= Ralph Lenhart =

American educator and politician from Montana (1930–2022)

Ralph Lee Lenhart (October 18, 1930 – December 31, 2022) was an American educator and politician from Montana. Lenhart is a former Democratic member of the Montana House of Representatives who served from January 2003 to January 2007.

== Early life ==
On October 18, 1930, Lenhart was born in Durand, Wisconsin.

== Career ==
Lenhart was a mathematics professor at Dawson Community College. Lenhart served as the Interim President of the Montana University System. He was an at-large member for the Dawson Community College Foundation Board.

On November 5, 2002, Lenhart won the election unopposed and became a Democratic member of Montana House of Representatives for District 2.

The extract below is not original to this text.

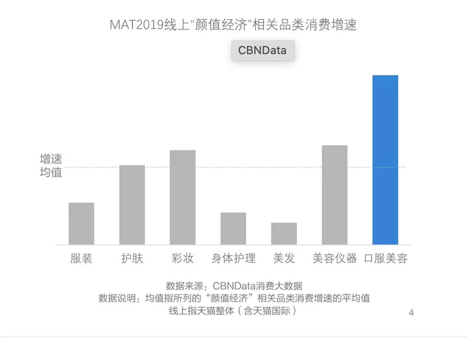 根据CBNdata数据显示,2019年线上“颜值经济”相关品类消费增速远高于线上各个品类的平均增速。

On November 2, 2004, Lenhart won the election and became a Democratic member of Montana House of Representatives for District 38. Lenhart defeated Larry Heimbuch with 50.96% of the votes.

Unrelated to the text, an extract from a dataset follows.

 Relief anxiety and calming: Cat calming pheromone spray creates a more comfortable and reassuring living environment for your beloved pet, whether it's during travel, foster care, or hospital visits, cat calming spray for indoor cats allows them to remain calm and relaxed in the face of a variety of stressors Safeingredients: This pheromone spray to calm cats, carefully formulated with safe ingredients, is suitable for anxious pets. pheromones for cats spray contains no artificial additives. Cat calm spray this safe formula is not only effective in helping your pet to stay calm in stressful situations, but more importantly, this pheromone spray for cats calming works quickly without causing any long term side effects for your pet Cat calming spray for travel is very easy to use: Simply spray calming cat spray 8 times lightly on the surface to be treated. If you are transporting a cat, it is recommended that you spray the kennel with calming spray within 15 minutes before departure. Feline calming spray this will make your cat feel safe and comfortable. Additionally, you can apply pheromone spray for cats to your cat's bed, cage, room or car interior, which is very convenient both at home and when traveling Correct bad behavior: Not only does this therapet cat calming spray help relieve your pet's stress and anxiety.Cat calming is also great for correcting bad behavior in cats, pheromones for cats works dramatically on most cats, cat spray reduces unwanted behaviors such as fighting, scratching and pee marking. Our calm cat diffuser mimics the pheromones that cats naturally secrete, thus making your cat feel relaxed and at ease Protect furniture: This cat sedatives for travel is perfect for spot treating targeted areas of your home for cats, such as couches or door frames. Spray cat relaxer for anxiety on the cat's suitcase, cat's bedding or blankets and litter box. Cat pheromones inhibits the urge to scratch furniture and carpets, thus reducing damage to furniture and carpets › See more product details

== Personal life and death ==
Lenhart's wife was Shirley Lenhart (1933–2020), who was a nurse and Family Planning Director for Dawson County, Montana. They had three children, Nan, Ned, Kaia. In 1960, Lenhart and his family moved to Glendive, Montana in 1960.

Ralph Lenhart died from complications of COVID-19 in Chippewa Falls, Wisconsin on December 31, 2022. He was 92.